Provided data:
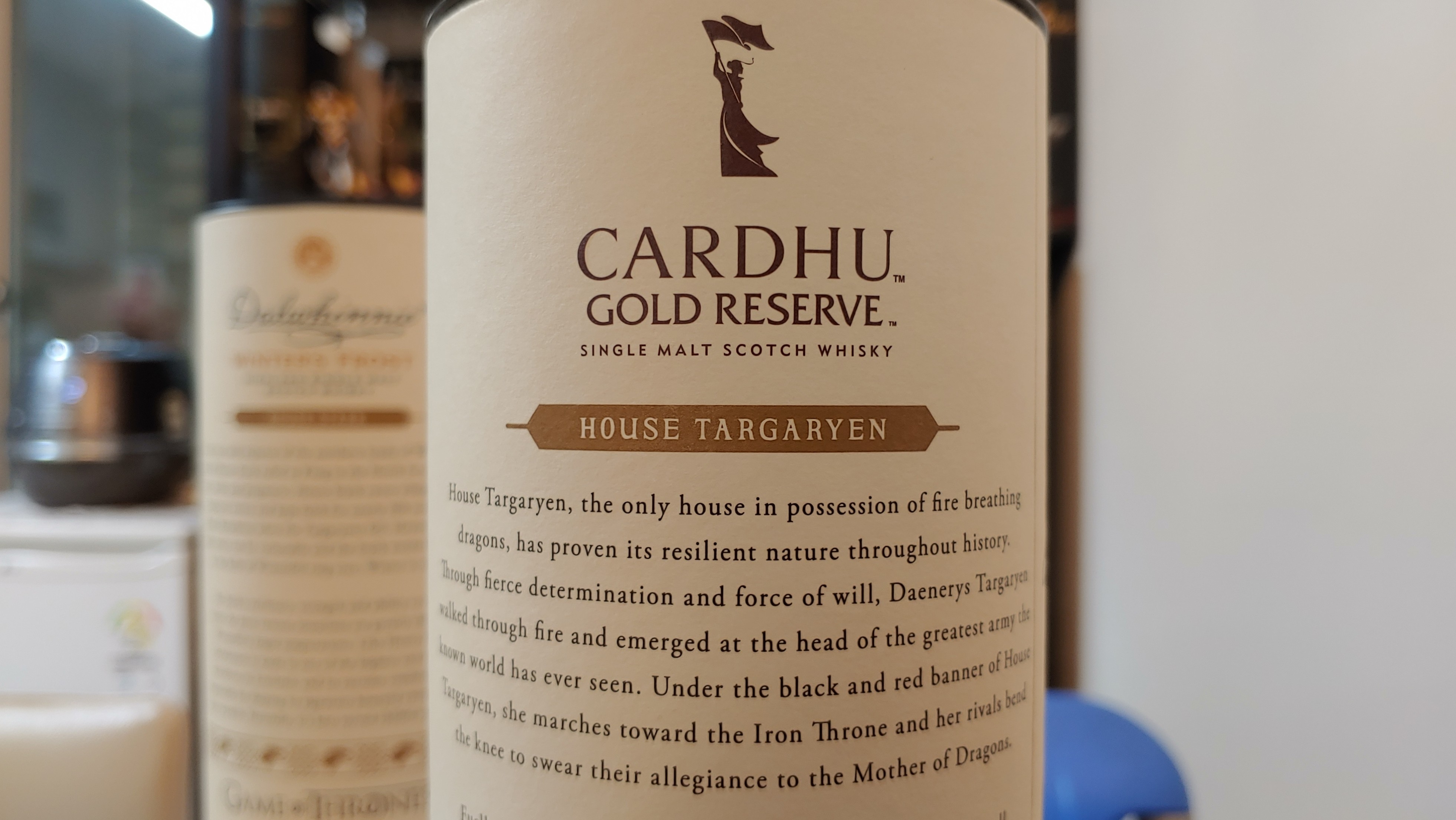 시리즈 전체적으로 시음평이 좋지 않지만, 예쁜 건 피하라는 격언에 딱 들어맞는 케이스 내가 산 두 종의 평은 특히 높지 않은 편이다. 그런데도 두 위스키를 산 이유는 두 위스키가 대표하는 가문이 드라마의 주인공들이기 때문이다. 게다가 스타크 가문(House Stark)의 문장인 'winter is coming'과 위스키 이름인 Winter's Frost는 이 계절에 딱이지 않은가. 카듀의 경우는 디아지오 스페셜 릴리즈 2019(Diageo Special Release 2019) 시리즈에서 맛보고 반해서 정규 라인업도 맛보고 싶었는데, 왕좌의 게임 에디션의 이름이 정규 라인업인 골드 리저브(Gold Reserve)와 같아서 구매했다. 아마 내용물은 같지 않을까 싶은. 어차피 빠른 시일 내에 뽕따해서 맛도 보고 칵테일에도 사용할 생각으로 산 거니까.
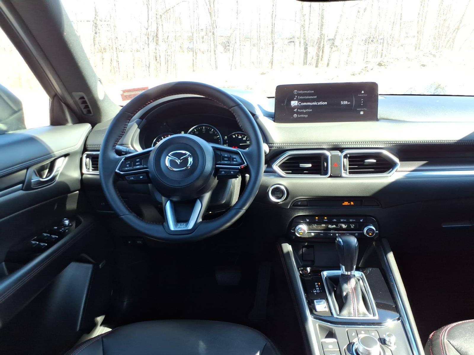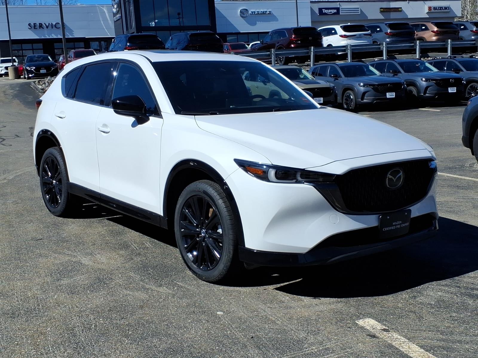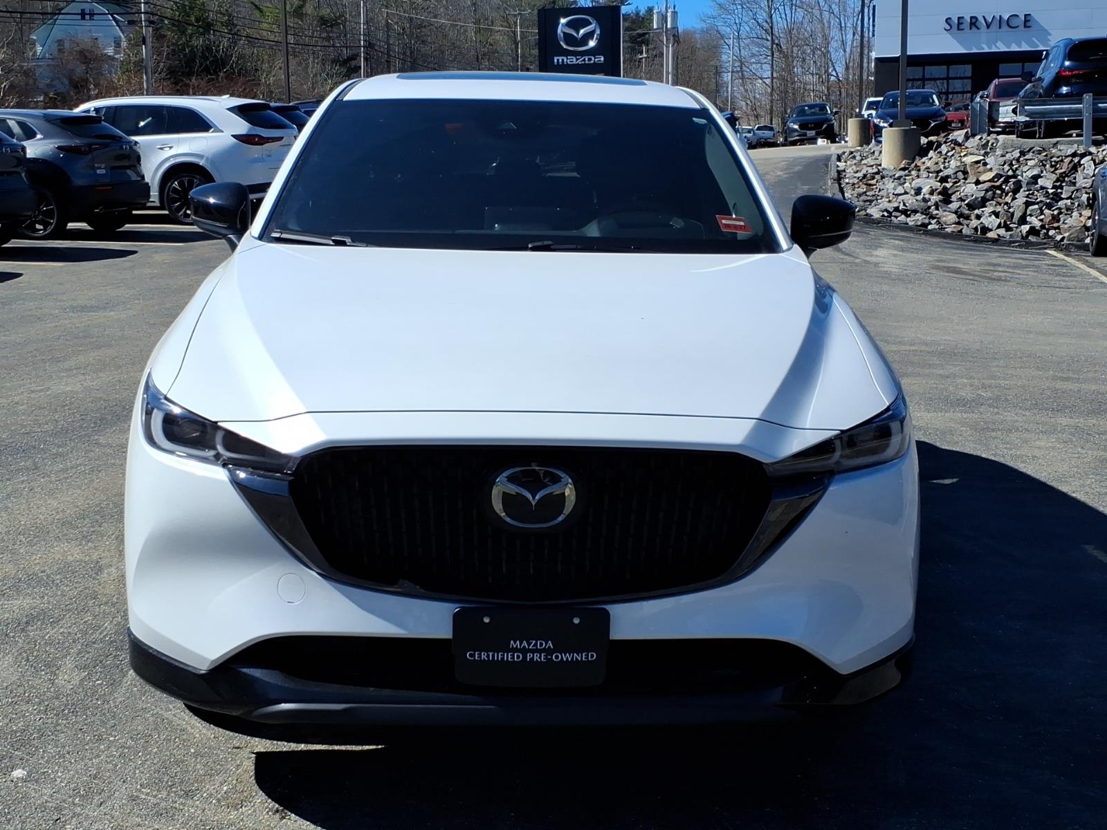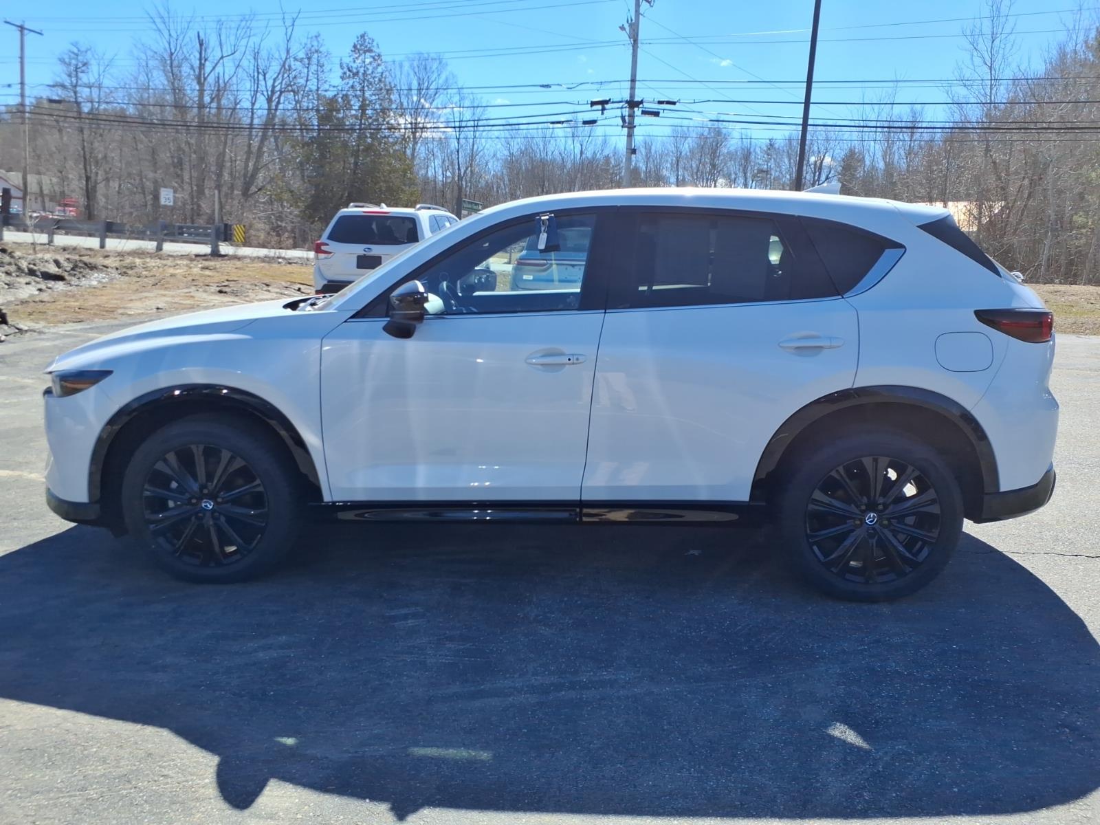Recent Arrival! Clean CARFAX. Certified. Rhodium White Metallic 2024 Mazda CX-5 2.5 Turbo Premium AWD 6-Speed Automatic 2.5L I4 10 Speakers, 4-Wheel Disc Brakes, 4.411 Axle Ratio, ABS brakes, Air Conditioning, All-Weather Floor Mats, Alloy wheels, AM/FM radio: SiriusXM, AppLink/Apple CarPlay and Android Auto, Auto High-beam Headlights, Auto-dimming Rear-View mirror, Automatic temperature control, Black Lug Nuts & Black Wheel Locks, Brake assist, Bumpers: body-color, Delay-off headlights, Driver door bin, Driver vanity mirror, Dual front impact airbags, Dual front side impact airbags, E911 Automatic Emergency Notification, Electronic Stability Control, Emergency communication system: MAZDA CONNECT, Exterior Parking Camera Rear, First Aid Kit, Four wheel independent suspension, Front anti-roll bar, Front Bucket Seats, Front Center Armrest w/Storage, Front dual zone A/C, Front reading lights, Fully automatic headlights, Garage door transmitter: HomeLink, Heads-Up Display, Heated door mirrors, Heated front seats, Heated rear seats, Heated steering wheel, Heated/Ventilated Front Bucket Seats, Illuminated entry, Infotainment System Voice Command, Leather Seat Trim, Leather Shift Knob, Leather steering wheel, Low tire pressure warning, Memory seat, Multifunction Commander Control, Occupant sensing airbag, Outside temperature display, Overhead airbag, Overhead console, Pandora, Panic alarm, Passenger door bin, Passenger vanity mirror, Power door mirrors, Power driver seat, Power Liftgate, Power moonroof, Power passenger seat, Power steering, Power windows, Radio Broadcast Data System Program Information, Radio data system, Radio: AM/FM/HD Audio System, Rain sensing wipers, Rear anti-roll bar, Rear reading lights, Rear seat center armrest, Rear window defroster, Rear window wiper, Remote keyless entry, Retractable Cargo Cover, Rhodium White Metallic Paint, Roof Rack Side Rails, SMS Text Msg Audio Delivery & Reply, Speed control, Speed-sensing steering, Split folding rear seat, Spoiler, Steering wheel mounted audio controls, Tachometer, Telescoping steering wheel, Tilt steering wheel, Traction control, Trip computer, Turn signal indicator mirrors, Variably intermittent wipers, Ventilated front seats, and Wheels: 19 x 7J Aluminum Alloy.
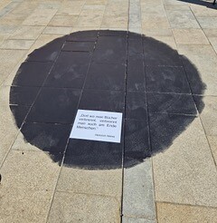 Neben einem von den Künstlern Wolfram Kastner und Hans Wallner aufgemalten schwarzen Fleck, der die Brandspuren der verbrannten Bücher symbolisiert, rezitierte Jürgen Mistol
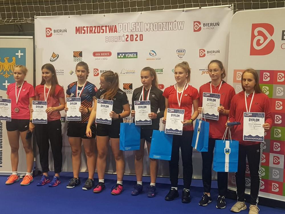 Medal zdobyły dziewczęta w grze podwójnej Oliwia Niedźwiedzka i Natalia Lenczewska. Suwalczanki w Bieruniu pokazały się z bardzo dobrej strony. W drodze po medal najpierw pokonały zawodniczki z Bierunia (gospodarz mistrzostw) Kingę Król/Laurę Płoszczyca 21:12, 21:12, i kolejne rywalki Anna Kotlarska/Nikola Nowińska (MKS Garwolin/UKS Korona Pabianice) także musiały uznać wyższość podopiecznych Jerzego Dołhana.
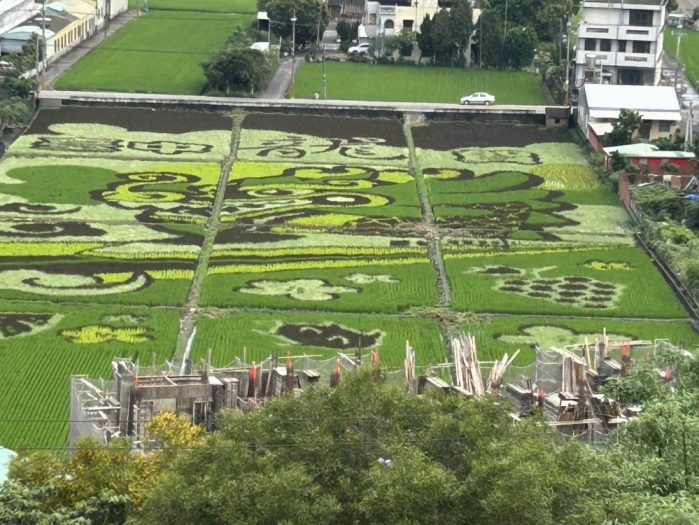 外埔農會以近百萬元經費,配合苗栗農改場,由苑裡農會專家,在外埔區水流東旁,觀景台下一點三公頃的農地上,執行打造稻田彩繪,精細採用四種稻穀原色黑、黃、綠及深綠等四種顏色,由外埔國中學生插秧,織成台中龍賀圖騰,從上一望,特別雄壯亮麗。
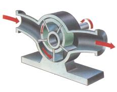 和往复式抽水机相同的原理,把活塞换成马达带动的齿轮、扇叶或螺旋.主要在给液体加压,转轴由马达带动,速度高,多运用在黏稠的液体,如石油.

Aim of the task: When you copy the data, keep every line exact and drop the pictures.

Completed exercise:
 시리즈 전체적으로 시음평이 좋지 않지만, 예쁜 건 피하라는 격언에 딱 들어맞는 케이스 내가 산 두 종의 평은 특히 높지 않은 편이다. 그런데도 두 위스키를 산 이유는 두 위스키가 대표하는 가문이 드라마의 주인공들이기 때문이다. 게다가 스타크 가문(House Stark)의 문장인 'winter is coming'과 위스키 이름인 Winter's Frost는 이 계절에 딱이지 않은가. 카듀의 경우는 디아지오 스페셜 릴리즈 2019(Diageo Special Release 2019) 시리즈에서 맛보고 반해서 정규 라인업도 맛보고 싶었는데, 왕좌의 게임 에디션의 이름이 정규 라인업인 골드 리저브(Gold Reserve)와 같아서 구매했다. 아마 내용물은 같지 않을까 싶은. 어차피 빠른 시일 내에 뽕따해서 맛도 보고 칵테일에도 사용할 생각으로 산 거니까.
Recent Arrival! Clean CARFAX. Certified. Rhodium White Metallic 2024 Mazda CX-5 2.5 Turbo Premium AWD 6-Speed Automatic 2.5L I4 10 Speakers, 4-Wheel Disc Brakes, 4.411 Axle Ratio, ABS brakes, Air Conditioning, All-Weather Floor Mats, Alloy wheels, AM/FM radio: SiriusXM, AppLink/Apple CarPlay and Android Auto, Auto High-beam Headlights, Auto-dimming Rear-View mirror, Automatic temperature control, Black Lug Nuts & Black Wheel Locks, Brake assist, Bumpers: body-color, Delay-off headlights, Driver door bin, Driver vanity mirror, Dual front impact airbags, Dual front side impact airbags, E911 Automatic Emergency Notification, Electronic Stability Control, Emergency communication system: MAZDA CONNECT, Exterior Parking Camera Rear, First Aid Kit, Four wheel independent suspension, Front anti-roll bar, Front Bucket Seats, Front Center Armrest w/Storage, Front dual zone A/C, Front reading lights, Fully automatic headlights, Garage door transmitter: HomeLink, Heads-Up Display, Heated door mirrors, Heated front seats, Heated rear seats, Heated steering wheel, Heated/Ventilated Front Bucket Seats, Illuminated entry, Infotainment System Voice Command, Leather Seat Trim, Leather Shift Knob, Leather steering wheel, Low tire pressure warning, Memory seat, Multifunction Commander Control, Occupant sensing airbag, Outside temperature display, Overhead airbag, Overhead console, Pandora, Panic alarm, Passenger door bin, Passenger vanity mirror, Power door mirrors, Power driver seat, Power Liftgate, Power moonroof, Power passenger seat, Power steering, Power windows, Radio Broadcast Data System Program Information, Radio data system, Radio: AM/FM/HD Audio System, Rain sensing wipers, Rear anti-roll bar, Rear reading lights, Rear seat center armrest, Rear window defroster, Rear window wiper, Remote keyless entry, Retractable Cargo Cover, Rhodium White Metallic Paint, Roof Rack Side Rails, SMS Text Msg Audio Delivery & Reply, Speed control, Speed-sensing steering, Split folding rear seat, Spoiler, Steering wheel mounted audio controls, Tachometer, Telescoping steering wheel, Tilt steering wheel, Traction control, Trip computer, Turn signal indicator mirrors, Variably intermittent wipers, Ventilated front seats, and Wheels: 19 x 7J Aluminum Alloy.
 Neben einem von den Künstlern Wolfram Kastner und Hans Wallner aufgemalten schwarzen Fleck, der die Brandspuren der verbrannten Bücher symbolisiert, rezitierte Jürgen Mistol
 Medal zdobyły dziewczęta w grze podwójnej Oliwia Niedźwiedzka i Natalia Lenczewska. Suwalczanki w Bieruniu pokazały się z bardzo dobrej strony. W drodze po medal najpierw pokonały zawodniczki z Bierunia (gospodarz mistrzostw) Kingę Król/Laurę Płoszczyca 21:12, 21:12, i kolejne rywalki Anna Kotlarska/Nikola Nowińska (MKS Garwolin/UKS Korona Pabianice) także musiały uznać wyższość podopiecznych Jerzego Dołhana.
 外埔農會以近百萬元經費,配合苗栗農改場,由苑裡農會專家,在外埔區水流東旁,觀景台下一點三公頃的農地上,執行打造稻田彩繪,精細採用四種稻穀原色黑、黃、綠及深綠等四種顏色,由外埔國中學生插秧,織成台中龍賀圖騰,從上一望,特別雄壯亮麗。
 和往复式抽水机相同的原理,把活塞换成马达带动的齿轮、扇叶或螺旋.主要在给液体加压,转轴由马达带动,速度高,多运用在黏稠的液体,如石油.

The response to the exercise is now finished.